Minneapolis, MN – Target announced Thursday it will eliminate approximately 1,800 corporate positions, a move the retail giant states is aimed at streamlining decision-making and accelerating efforts to regain its customer base. The layoffs, representing about 8% of Target’s global corporate workforce, will primarily impact employees at its Minneapolis headquarters.

Roughly 1,000 employees are expected to receive layoff notices next week, with an additional 800 vacant positions also being eliminated, according to a company spokesperson.

Chief Operating Officer Michael Fiddelke, who is slated to become Target’s next CEO on February 1st, informed personnel of the downsizing in a note issued Thursday. Fiddelke requested Minneapolis office employees work from home next week, with further details to be provided on Tuesday.

“The truth is, the complexity we’ve created over time has been holding us back,” Fiddelke, a 20-year Target veteran, wrote in his note. “Too many layers and overlapping work have slowed decisions, making it harder to bring ideas to life.”

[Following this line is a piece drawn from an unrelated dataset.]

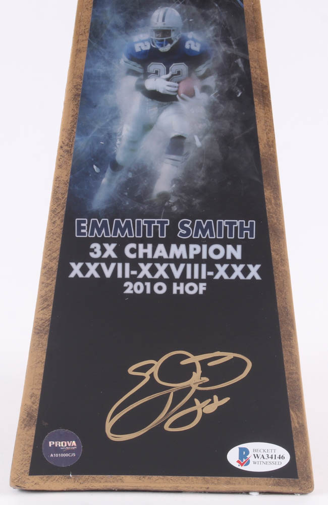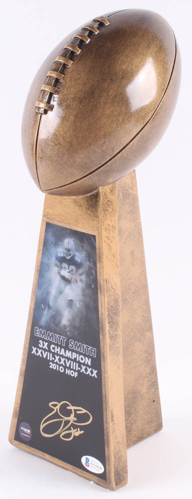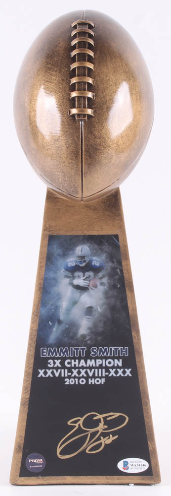 Trophy measures approximately 15" in height. Hand-signed by Emmitt Smith (Dallas Cowboys, HOF).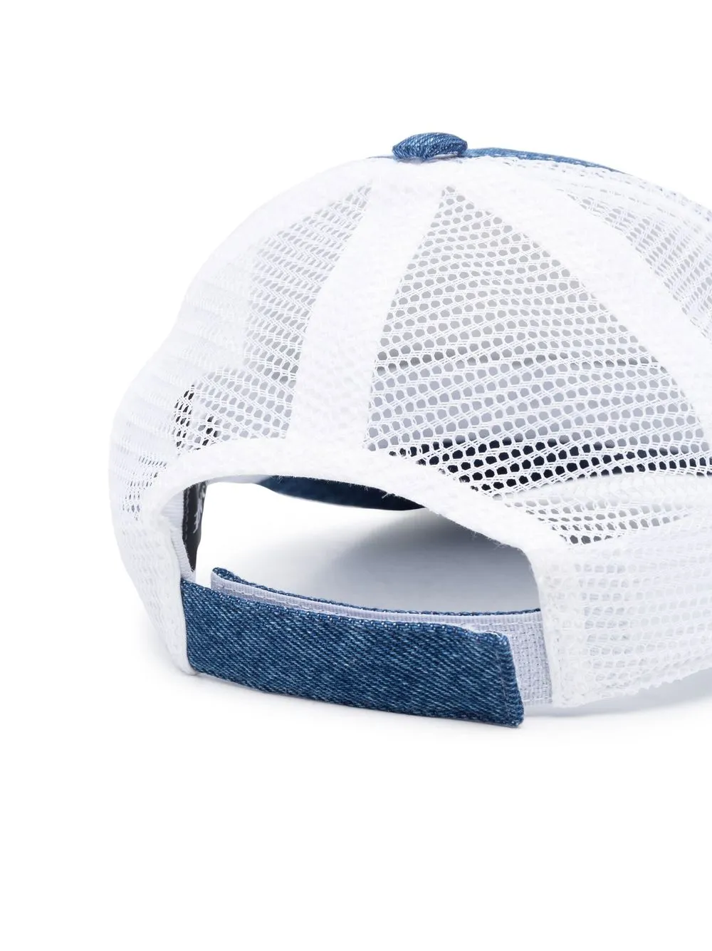Синий, белый, хлопок, эффект потертости, вышитый логотип спереди, сетчатые вставки, закругленный козырек и регулируемый дизайн.

Target, operating approximately 1,980 U.S. stores, has faced increasing competition from Walmart and Amazon in recent years, particularly as inflation has led shoppers to curb discretionary spending. Customers have also voiced concerns regarding store conditions and merchandise selection, which some feel no longer aligns with the retailer’s once-renowned “Tarzhay” aesthetic.

Fiddelke outlined his three urgent priorities upon his August announcement as incoming CEO: re-establishing the company’s leadership in merchandise selection and display, enhancing the customer experience through consistently stocked shelves and clean stores, and investing in technology.

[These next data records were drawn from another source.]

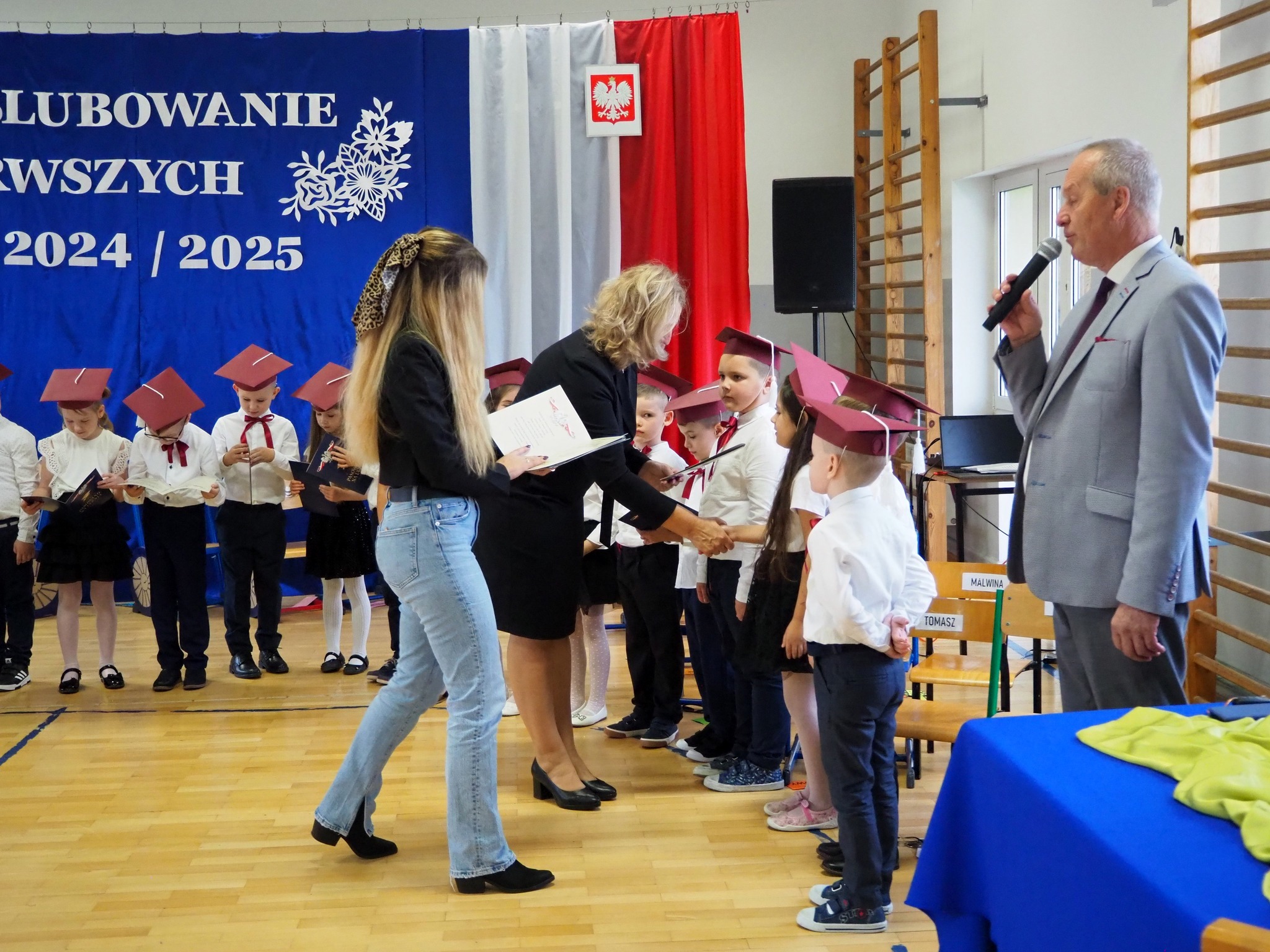W wydarzeniu udział wzięli: dyrektor Wojciech Strzeszewski, wójt gminy Andrzejewo Beata Ponichtera, sekretarz gminy Ewa Staniaszko, przewodniczący Rady Gminy Krzysztof Jasko, członkini zarządu firmy Skłodowski Elżbieta Skłodowska, przewodnicząca rady rodziców Iwona Tymińska, wychowawcy obecnych klas, rodzice pierwszoklasistów oraz grupa 6-latków.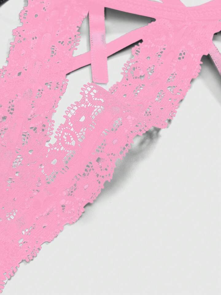 Goth Conjunto de lencería sensual con encaje y moño para mujer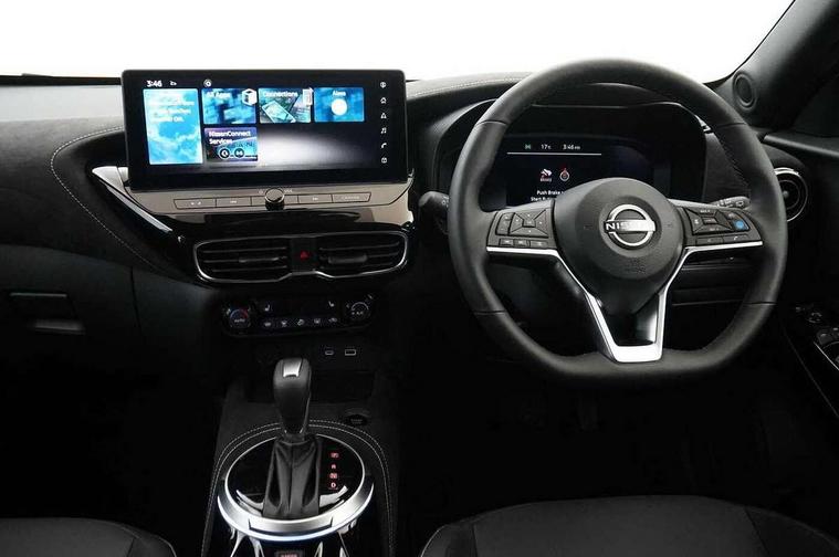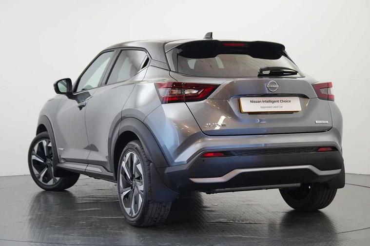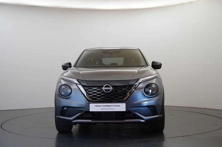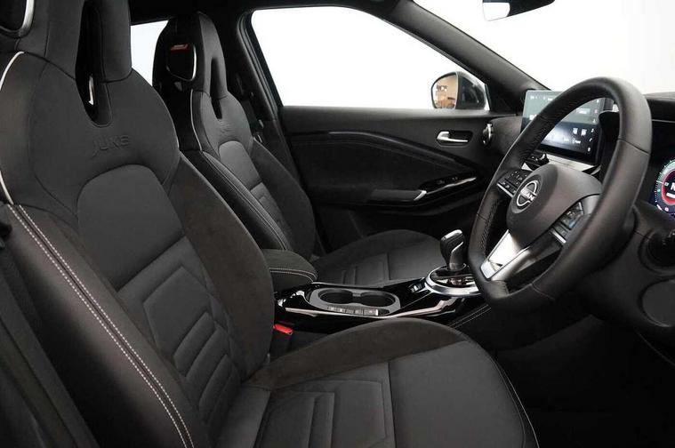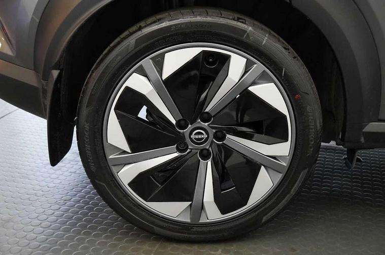 12.3" full colour TFT screen combimeter, Drive modes select (Eco, normal and sport), e-Pedal step, Emergency and breakdown call, EV mode switch, Front parking sensor, Intelligent driver alert system, Intelligent lane intervention, Lane departure warning system, Nissan connect 12.3" touch screen entertainment system, Nissan connect nav with TomTom traffic, Nissan connect services, Outside temperature sensor, Power Steering, Rear parking sensor, Stop/start button, Traffic sign recognition, Trip computer, Voice recognition, WiFi connectivity, Wireless Apple CarPlay and Google Android auto, Wireless Smartphone charger, 10 Bose speakers 8 speakers and 2 headrest speakers for driver/passenger seats, 2 X Rear console USB port, Bluetooth system, USB, Aux-in and 12V socket, Bose personal plus audio system, DAB Digital radio, Auto dimming frameless rear view mirror, Automatic hazard signal with emergency stop signal, Body colour door handles, Electrically adjustable door mirrors with integrated indicators, Follow me home headlights, Front and rear electric window with one touch driver window, High beam assist, LED 3rd brake light, LED daytime running lights, LED front fog lights, LED headlamps, LED rear fog lamp, LED rear lamps, One touch passenger window, Rear privacy glass, Rear side wing doors, Rear wiper, Roof spoiler, Shark fin roof antenna in solid Black, Solid black door mirrors, Solid black front bumper/rear bumper and side skirts inserts, Three blink turn signal, 3 height adjustable rear headrests, 3 seat bench in 2nd row, 60/40 split folding rear seat, Card holder on driver sunvisor, Door ambient lighting, Driver seat back pocket, Driver side rear coat hanger, Driver/passenger sunvisors and vanity mirrors, Front and rear cabin lights, Front armrest, Front door pockets with bottle holders, Front head restraints, Front/rear passenger grab handles, Gear console ambient circle lighting, Height adjustable driver's seat, Internal chrome door handles, Luggage board, Luggage space lighting, Monoform sporty seats, Multifunction steering wheel, Passenger seat back pocket, Rear door bottle holders, Single front passenger seat, Smooth synthetic leather steering wheel, Synthetic leather kneepad, Synthetic leather shift knob, Telescopic steering wheel adjustment, Two cupholders in front centre console, Two rear isofix child seat anchorage points with top tether, Welcome light and console tray ambient lighting, Comfort pack - Juke, Heat pack with height adjustable passenger seats - Juke, Interior personalisation pack - Juke, ProPilot pack - Juke Auto, Satin grey exterior personalisation pack - Juke, ABS with EBD and brake assist, Active ride control, Active Trace Control, Driver and passenger airbags, Driver and passenger side airbags, Electric handbrake with auto hold function, Electronic Stability Programme (ESP), Front and rear curtain airbags, Height adjustable seatbelts, Hill start assist, Intelligent emergency braking with pedestrian and cyclist recognition, Rear door child safety locks, Seatbelt reminder for driver/front passenger and rear seats, Three 3 point rear seatbelts, Traction control, Tyre pressure monitoring system, VDC Dynamic Vehicle Control, Alarm, Immobiliser, Intelligent key and start push button with walk away lock and approach unlock functions, Remote central locking, 19" Aero alloy wheels, Tyre puncture repair kit,

He reiterated these goals in his message to employees, characterizing the layoffs as a “necessary step in building the future of Target and enabling the progress and growth we all want to see.”

“Adjusting our structure is one part of the work ahead of us. It will also require new behaviors and sharper priorities that strengthen our retail leadership in style and design and enable faster execution,” Fiddelke added.

Target has reported flat or declining comparable sales in nine of the past eleven quarters. The company’s second-quarter report in August showed a 1.9% dip in comparable sales and a 21% decrease in net income.

The job cuts will not affect store employees or workers in Target’s sorting, distribution, or other supply chain facilities. Corporate employees impacted by the layoffs will receive pay and benefits until January 8th, in addition to severance packages.